== PROBLEM DESCRIPTION ==
In the material below, the required lines run from the one containing "少林寺方丈釋永信在少林寺山門" through the one containing "截至3月11日收盤,螺紋鋼2". Copy those lines exactly, ends included, and nothing else.

== SUPPLIED RECORDS ==

=== Begin Enclosure ===

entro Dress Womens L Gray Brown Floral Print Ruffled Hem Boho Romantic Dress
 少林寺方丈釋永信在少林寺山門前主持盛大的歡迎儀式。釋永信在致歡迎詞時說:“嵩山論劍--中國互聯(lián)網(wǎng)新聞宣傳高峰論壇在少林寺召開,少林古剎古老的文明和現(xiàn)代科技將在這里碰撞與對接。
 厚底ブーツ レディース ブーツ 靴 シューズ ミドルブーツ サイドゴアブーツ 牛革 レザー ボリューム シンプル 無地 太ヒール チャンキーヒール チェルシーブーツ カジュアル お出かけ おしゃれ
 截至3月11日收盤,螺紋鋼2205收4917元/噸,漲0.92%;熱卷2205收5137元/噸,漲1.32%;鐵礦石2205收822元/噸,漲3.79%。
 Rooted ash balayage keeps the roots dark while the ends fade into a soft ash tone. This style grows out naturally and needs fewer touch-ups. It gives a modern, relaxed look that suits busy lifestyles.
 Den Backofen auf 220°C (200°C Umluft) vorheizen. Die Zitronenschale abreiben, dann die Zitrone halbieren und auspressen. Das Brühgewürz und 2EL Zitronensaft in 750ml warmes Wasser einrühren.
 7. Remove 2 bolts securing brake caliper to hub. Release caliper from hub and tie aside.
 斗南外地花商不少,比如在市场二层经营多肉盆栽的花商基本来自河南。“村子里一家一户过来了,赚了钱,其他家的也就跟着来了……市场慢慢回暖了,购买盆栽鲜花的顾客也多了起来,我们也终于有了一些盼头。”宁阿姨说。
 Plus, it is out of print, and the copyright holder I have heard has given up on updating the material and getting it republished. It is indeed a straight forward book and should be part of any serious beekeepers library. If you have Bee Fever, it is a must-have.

=== End Enclosure ===
=== Begin Enclosure ===

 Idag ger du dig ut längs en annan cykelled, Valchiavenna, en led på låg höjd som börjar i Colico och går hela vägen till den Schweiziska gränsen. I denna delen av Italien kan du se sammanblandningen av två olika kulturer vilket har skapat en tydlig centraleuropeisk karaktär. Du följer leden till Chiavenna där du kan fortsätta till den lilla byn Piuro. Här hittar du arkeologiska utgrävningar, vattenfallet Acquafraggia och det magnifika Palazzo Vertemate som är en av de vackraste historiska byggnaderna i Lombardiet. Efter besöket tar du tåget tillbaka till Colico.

=== End Enclosure ===

== TASK ANSWER ==
 少林寺方丈釋永信在少林寺山門前主持盛大的歡迎儀式。釋永信在致歡迎詞時說:“嵩山論劍--中國互聯(lián)網(wǎng)新聞宣傳高峰論壇在少林寺召開,少林古剎古老的文明和現(xiàn)代科技將在這里碰撞與對接。
 厚底ブーツ レディース ブーツ 靴 シューズ ミドルブーツ サイドゴアブーツ 牛革 レザー ボリューム シンプル 無地 太ヒール チャンキーヒール チェルシーブーツ カジュアル お出かけ おしゃれ
 截至3月11日收盤,螺紋鋼2205收4917元/噸,漲0.92%;熱卷2205收5137元/噸,漲1.32%;鐵礦石2205收822元/噸,漲3.79%。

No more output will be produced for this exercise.